Sur les inégalités scolaires

Publié le 4 Décembre 2013

Sur les inégalités scolaires

Je suis toujours surprise en constatant que les rapports chiffrés font réagir plus promptement que les réalités de terrain qui se résument en quelques lignes ponctuées de maux pour les décrire succinctement.

Les chiffres causent plus que les mots.

C’est ce que chacun semble penser, mais ces chiffres qui relaient simplement ce que chacun d’entre nous vit et dénonce depuis bien longtemps, de par les réactions qu’ils occasionnent, nous donnent une petite poussée d’urticaire hypocrite.

Le rapport PISA nous révèle que la France est la championne des inégalités scolaires.

Qui cela surprend-il ?

Le gouvernement ?

Lui, qui n’a rien entrepris depuis son accession au trône en dehors de quelques mesurettes destinées à satisfaire une partie de son électorat, lui, qui continue le programme entamé droite/gauche confondues depuis des décennies pour se débarrasser une bonne fois pour toutes de l’enseignement public ?

ça me fait bien rire (jaune).

Qui s’en soucie des gamins des milieux sociaux défavorisés ?

A l’heure où le chacun pour soit n’a jamais eu de si beaux jours devant lui, à l’heure où le nombrilisme atteint des records ombilicaux, à l’heure où l’on en viendrait presque à dénoncer ceux qui n’entrent pas dans les codes de la société bien pensante (sans papiers, Rroms entre autre) pour libérer la place aux enfants-rois, ceux qui sont poussés vers la réussite alors que les autres, eux sont poussés dans la boue ?

Je suis sans doute sévère, c’est un constat que chaque parent progressiste peut faire à son niveau.

Et pourtant !

La société n’est-elle pas plus riche en voyant accéder à des postes de haut niveau des enfants issus de classes populaires, de classes sociales défavorisées, de cités ?

Elle ne serait pas plus belle notre France en voyant ces gamins qui fuient la terreur, qui cherchent à tout prix à obtenir une petite place sur notre sol et à y briller, devenir des professeurs, des scientifiques, une élite intellectuelle qui n’est pas la panacée des seuls enfants bourgeois ?

La pensée unique nous fait souvent croire,( et cela a toujours été mon combat que de le dénoncer) qu’être pauvre est synonyme de bêtise.

Quoi, un enfant issu de milieu modeste pourrait être intelligent, voire instruit ?

Un enfant pauvre ou issu de l’immigration pourrait devenir quelqu’un d’important, transmettre ses connaissances ?

Oui, cela pourrait être si le système scolaire n’était pas celui qu’il est et tend à empirer.

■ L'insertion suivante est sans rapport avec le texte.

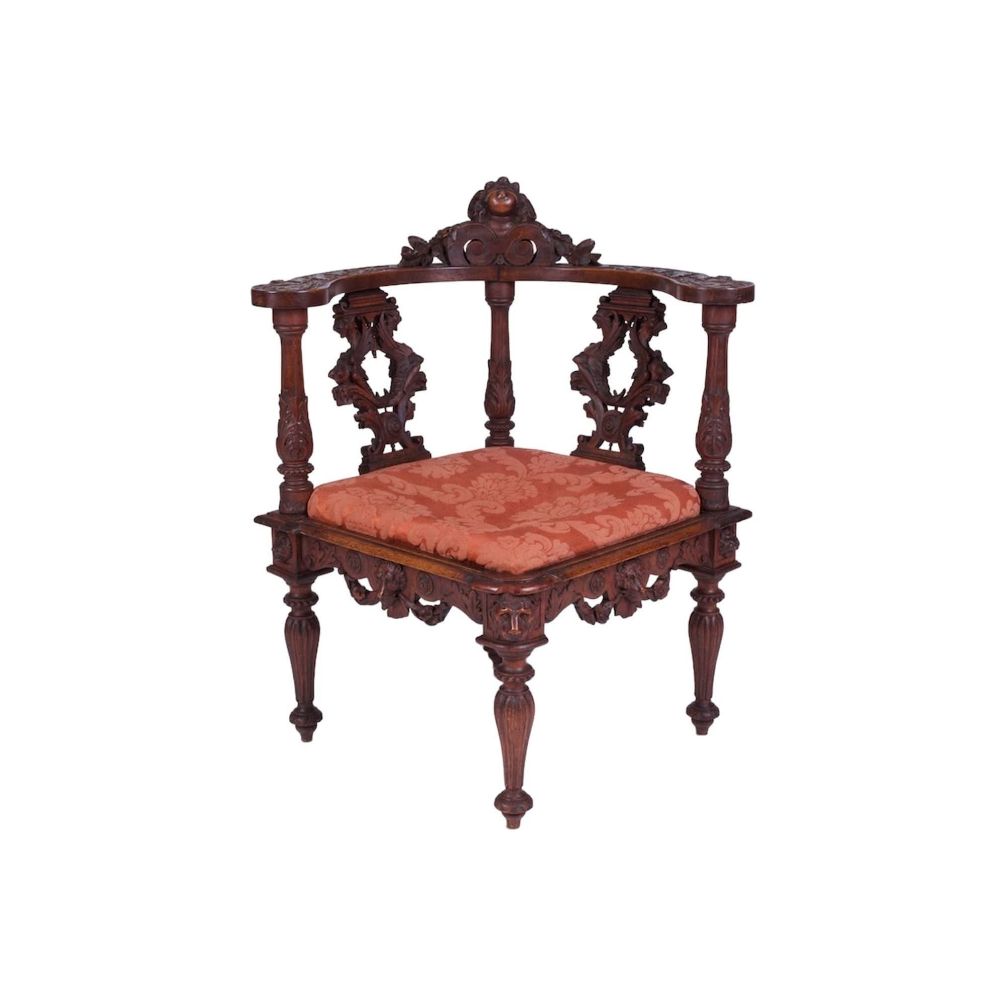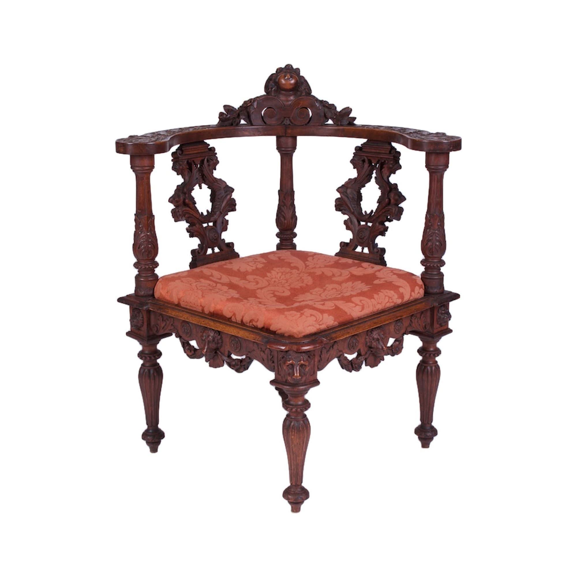 This is a most interesting and very good example of a genuine 19th century Italian carved, solid Walnut CORNER CHAIR in the baroque manner.

C’est bien connu que la gratuité scolaire permet aux enfants des classes moyennes et en-dessous de se hisser jusqu’au niveau du BAC. Mais ensuite, les études payantes diluent fortement leur présence dans les universités et les grandes écoles et l’on y retrouve pour la plupart des enfants issus de classes bourgeoises et de parents enseignants.

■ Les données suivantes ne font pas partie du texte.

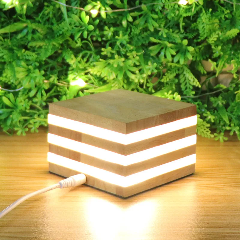 The New Night Light Creative Solid Wood LED Night Light New Strange Wooden Table Lamp Square Bedroom Bedside Lamp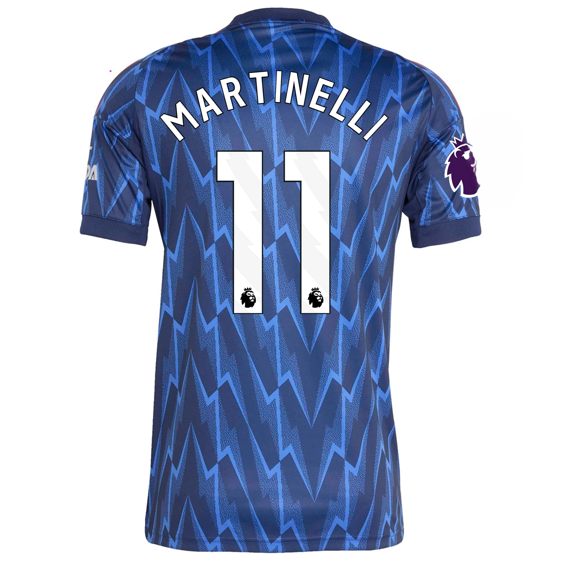 Secure the Arsenal Away Jersey for the 2025/2026 season, with the name and number of the Gunners' electric winger, Gabriel Martinelli #11. This season's Away Kit is a modern reimagining of a fan favorite, featuring a striking Night Indigo blue base color and an all-over, light-blue lightning bolt graphic.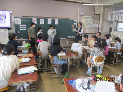 ”He is famous. She is great"の学習では、先生に好きなことや欲しいものなどについてインタビューをして、クイズ大会をする予定をしています。その活動につながるようにと、この日はグループごとに、私はだれでしょうクイズをして、好きなスポーツや欲しいものを尋ねたり答えたりする言い方の練習をしました。クイズ大会が楽しみですね。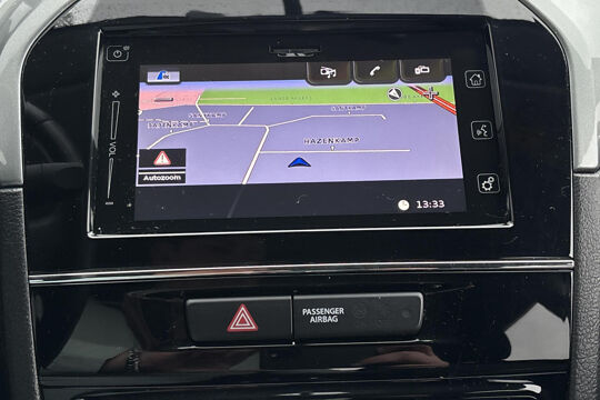 Zoals u mag verwachten van deze Suzuki Vitara is hij uitgerust met een reeks aan actieve veiligheidssystemen. Hill hold control voorkomt dat de auto achteruit rolt op een helling. Het systeem werkt als een automatische handrem die in- en uitschakelt als u dat wenst. Bij een gevaarlijke situatie is remmen essentieel. De Brake Assist haalt het maximum uit de remcapaciteiten van deze Suzuki Vitara.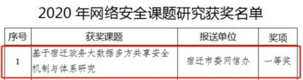 经过课题提交、PPT汇报、院校和省级机关相关部门专家打分、领导审定等环节,共评出一、二、三等奖和鼓励奖。宿迁市委网信办课题“基于宿迁政务大数据多方共享安全机制与体系研究”喜获一等奖!

Un jour ou l’autre il y a un stop.

A présent, le stop est mis bien en amont.

La sélection se fait dès la maternelle.

La réduction des moyens aussi bien financiers qu’humains ne permet plus l’attention portée aux enfants différents ou à ceux qui ont un peu de retard, pour plusieurs raisons, intégration, barrière de la langue etc…..

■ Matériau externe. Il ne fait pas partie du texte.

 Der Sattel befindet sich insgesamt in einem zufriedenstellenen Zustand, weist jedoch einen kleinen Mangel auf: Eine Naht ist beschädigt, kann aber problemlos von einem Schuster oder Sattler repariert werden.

L’éducation à deux vitesses que l’on dénonce depuis des années est bien en place.

Pas besoin de sortir de polytechnique pour constater la perte des acquis.

En tant qu'ex déléguée de parents d'élèves, je constate que nous n'avions pas tort de dénoncer et de crier gare à chaque nouvelle réforme quitte à pisser dans les violons de l'incompréhension.

En tant que maman, je constate bien ce que mes derniers enfants ont perdu au niveau du programme scolaire par rapport aux aînés.

Les horaires planchers sont courants alors qu’avant on arrivait toujours à obtenir des heures supplémentaires dans la DGH pour financer des soutiens, on les plaçait où il y en avait besoin selon les établissements.

A présent, les programmes s’appauvrissent, les élèves ne sont pas intéressés par les filières scolaires qu’on leur propose, les enseignants surbookés n’ont plus les moyens de faire face à des classes de plus en plus difficiles, privées de repaires, de motivations, d’enfants bien souvent surprotégés par des parents consommateurs et procéduriers comme cela devient de plus en plus fréquent.

A l’heure où l’on se retrouve avec un flot de nouvelles matières successives à l’évolution technologique de notre société, certains voudraient que l’on retourne aux fondamentaux.

Je ne crois pas qu’il faille faire machine arrière, il convient juste d’accorder sa place à chaque matière nécessaire à l’enseignement d’êtres aptes à vivre dans leur société, sans en négliger aucune et pour cela, seuls les moyens peuvent le permettre.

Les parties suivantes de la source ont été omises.